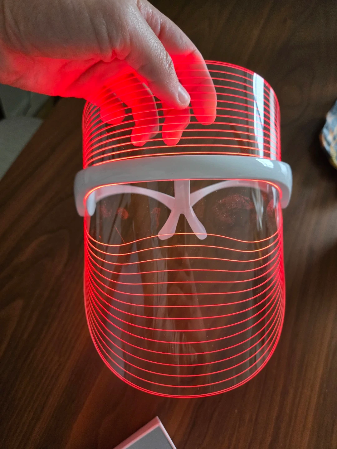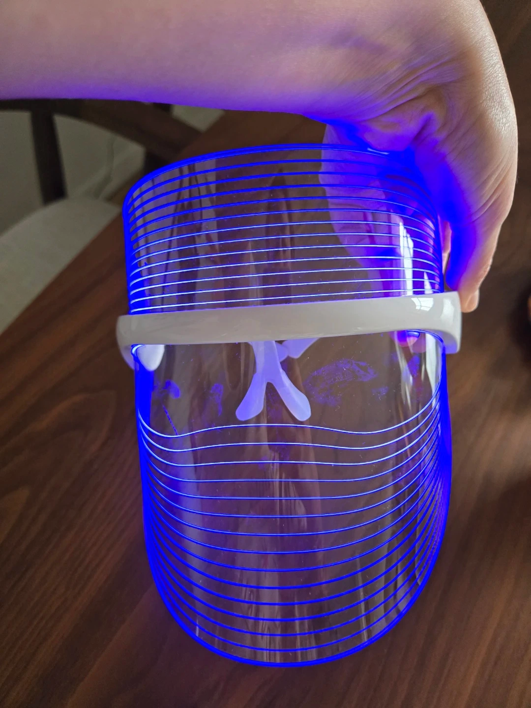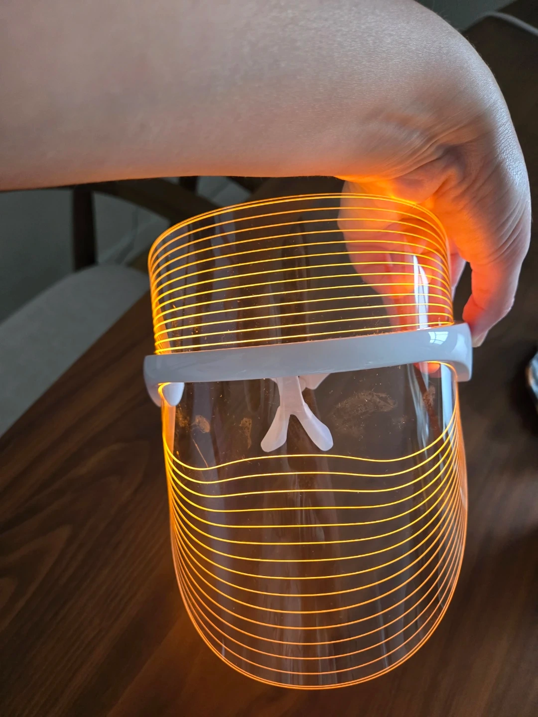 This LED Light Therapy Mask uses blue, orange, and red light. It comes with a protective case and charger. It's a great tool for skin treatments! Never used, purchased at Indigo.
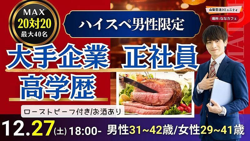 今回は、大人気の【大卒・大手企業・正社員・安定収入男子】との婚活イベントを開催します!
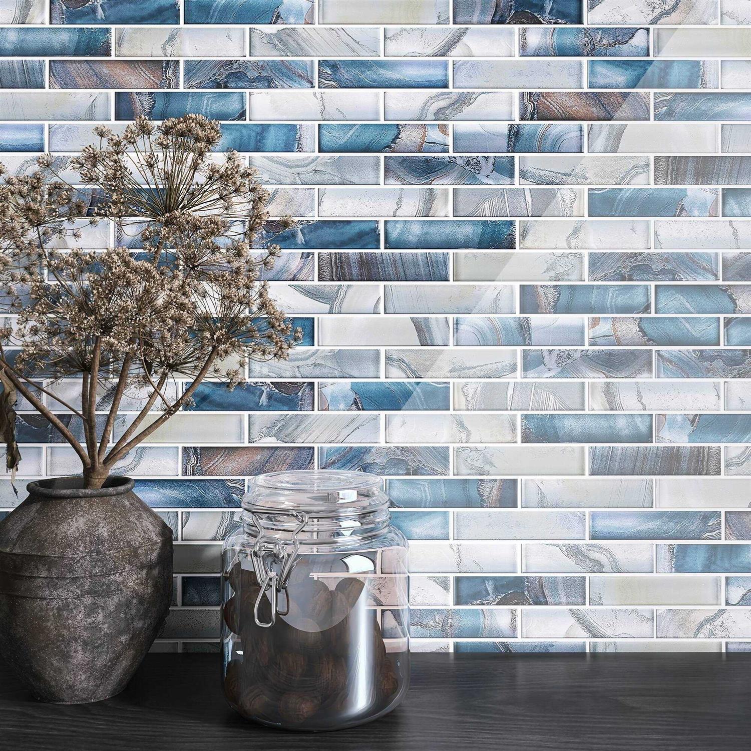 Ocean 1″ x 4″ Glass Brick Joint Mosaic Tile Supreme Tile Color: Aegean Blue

-.-.-

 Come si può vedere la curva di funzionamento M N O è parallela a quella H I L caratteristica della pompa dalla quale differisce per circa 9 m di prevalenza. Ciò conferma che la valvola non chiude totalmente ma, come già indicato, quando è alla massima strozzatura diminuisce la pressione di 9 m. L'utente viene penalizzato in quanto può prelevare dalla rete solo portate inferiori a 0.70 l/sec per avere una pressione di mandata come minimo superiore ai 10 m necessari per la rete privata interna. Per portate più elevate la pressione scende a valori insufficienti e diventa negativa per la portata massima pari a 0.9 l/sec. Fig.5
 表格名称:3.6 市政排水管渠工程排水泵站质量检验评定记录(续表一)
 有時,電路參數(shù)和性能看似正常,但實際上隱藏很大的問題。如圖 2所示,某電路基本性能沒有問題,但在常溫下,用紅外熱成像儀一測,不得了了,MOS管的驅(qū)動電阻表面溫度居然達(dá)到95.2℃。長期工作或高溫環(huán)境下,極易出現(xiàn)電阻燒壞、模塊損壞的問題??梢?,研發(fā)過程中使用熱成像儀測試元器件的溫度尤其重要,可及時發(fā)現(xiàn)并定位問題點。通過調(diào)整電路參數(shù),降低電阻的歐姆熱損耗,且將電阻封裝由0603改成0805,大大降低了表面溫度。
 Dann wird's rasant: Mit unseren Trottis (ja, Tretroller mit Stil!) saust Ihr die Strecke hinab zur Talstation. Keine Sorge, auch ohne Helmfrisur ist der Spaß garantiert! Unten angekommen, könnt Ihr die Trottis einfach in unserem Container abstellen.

-.-.-

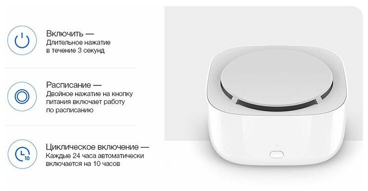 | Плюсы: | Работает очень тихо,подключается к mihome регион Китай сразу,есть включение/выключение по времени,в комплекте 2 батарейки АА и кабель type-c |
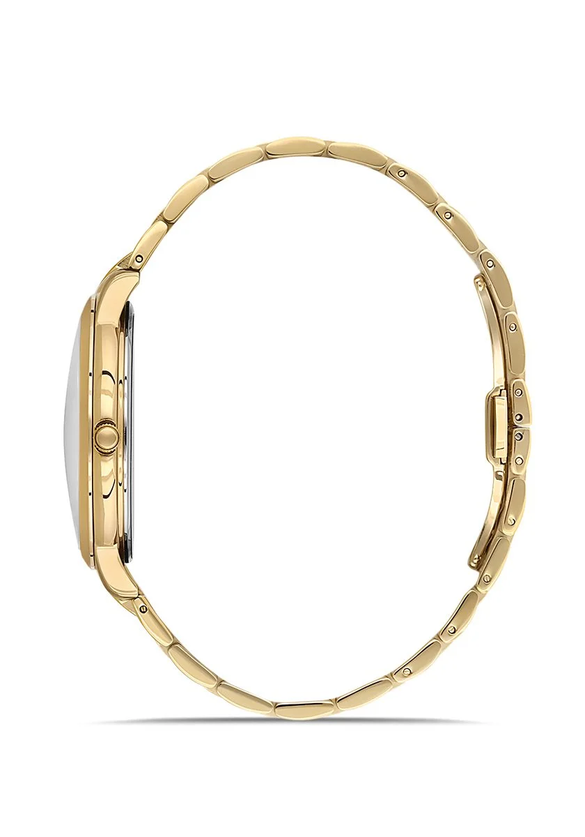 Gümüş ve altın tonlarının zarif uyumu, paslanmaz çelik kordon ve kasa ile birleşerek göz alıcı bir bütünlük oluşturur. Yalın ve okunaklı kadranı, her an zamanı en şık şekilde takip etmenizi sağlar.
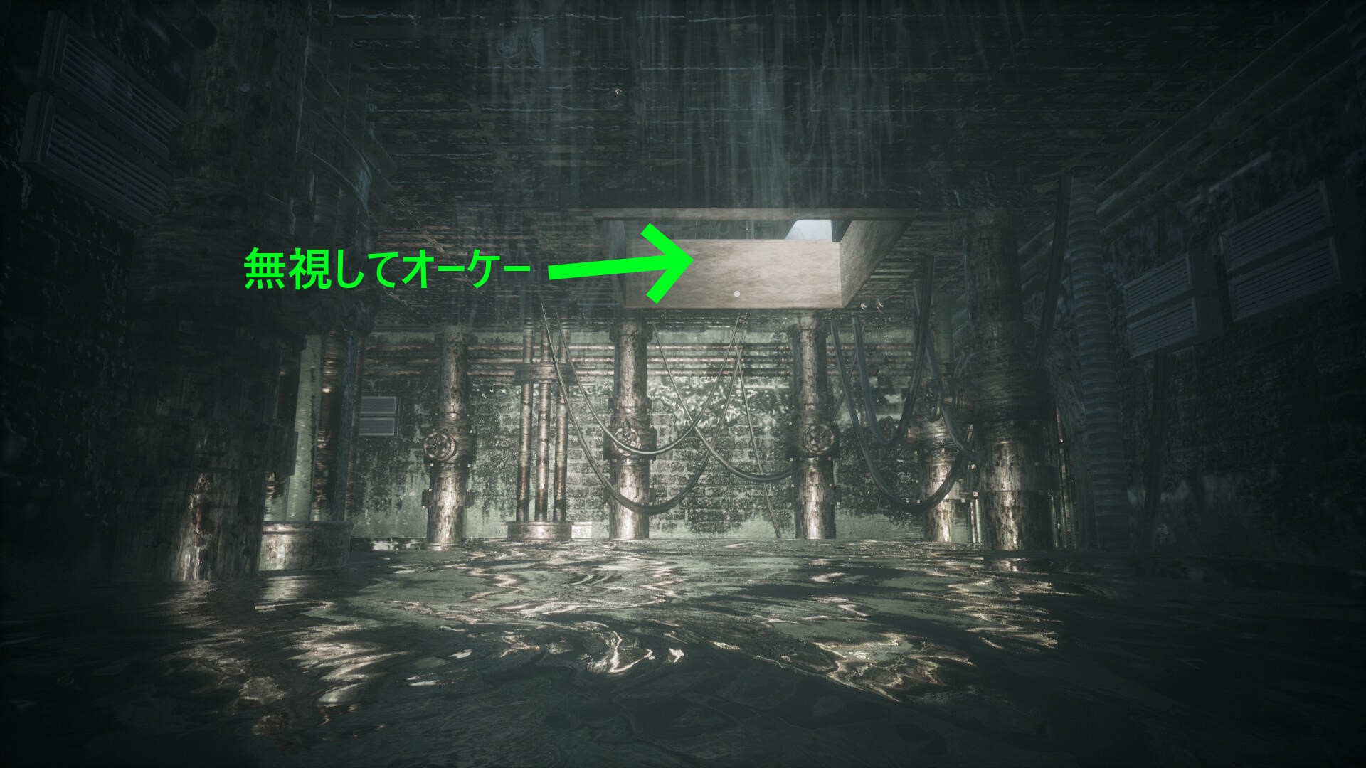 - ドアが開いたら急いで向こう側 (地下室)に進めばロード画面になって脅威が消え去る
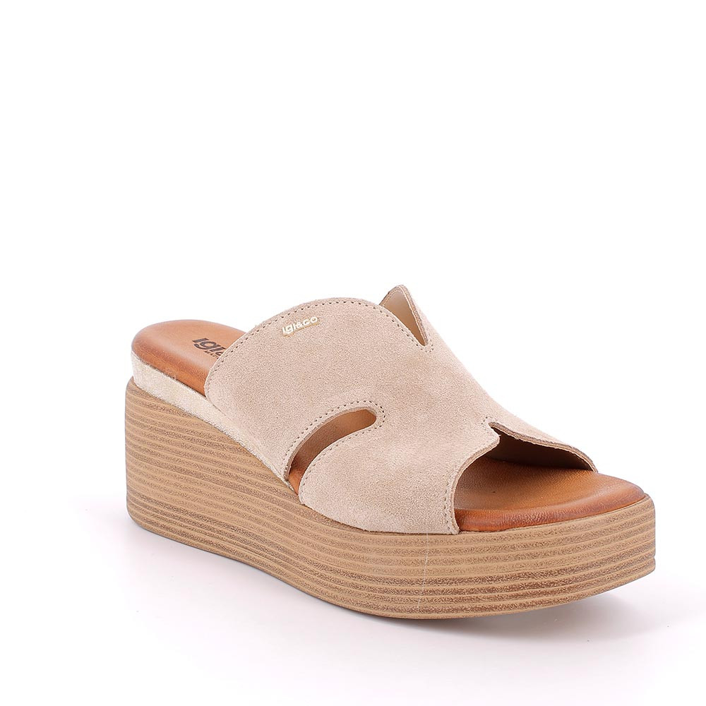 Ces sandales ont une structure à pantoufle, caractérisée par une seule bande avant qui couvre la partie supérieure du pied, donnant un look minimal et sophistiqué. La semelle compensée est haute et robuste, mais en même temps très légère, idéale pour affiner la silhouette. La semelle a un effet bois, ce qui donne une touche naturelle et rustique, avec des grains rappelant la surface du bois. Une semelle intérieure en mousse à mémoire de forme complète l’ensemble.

-.-.-

▸ **WHAT YOU ARE ASKED TO DO**: Reproducing the whole listing above is not the task. Copy exactly only the lines from the one with "有時,電路參數(shù)和性" to the one with "Dann wird's rasant: Mit", both kept.

▸ **TASK ANSWER**:
 有時,電路參數(shù)和性能看似正常,但實際上隱藏很大的問題。如圖 2所示,某電路基本性能沒有問題,但在常溫下,用紅外熱成像儀一測,不得了了,MOS管的驅(qū)動電阻表面溫度居然達(dá)到95.2℃。長期工作或高溫環(huán)境下,極易出現(xiàn)電阻燒壞、模塊損壞的問題??梢?,研發(fā)過程中使用熱成像儀測試元器件的溫度尤其重要,可及時發(fā)現(xiàn)并定位問題點。通過調(diào)整電路參數(shù),降低電阻的歐姆熱損耗,且將電阻封裝由0603改成0805,大大降低了表面溫度。
 Dann wird's rasant: Mit unseren Trottis (ja, Tretroller mit Stil!) saust Ihr die Strecke hinab zur Talstation. Keine Sorge, auch ohne Helmfrisur ist der Spaß garantiert! Unten angekommen, könnt Ihr die Trottis einfach in unserem Container abstellen.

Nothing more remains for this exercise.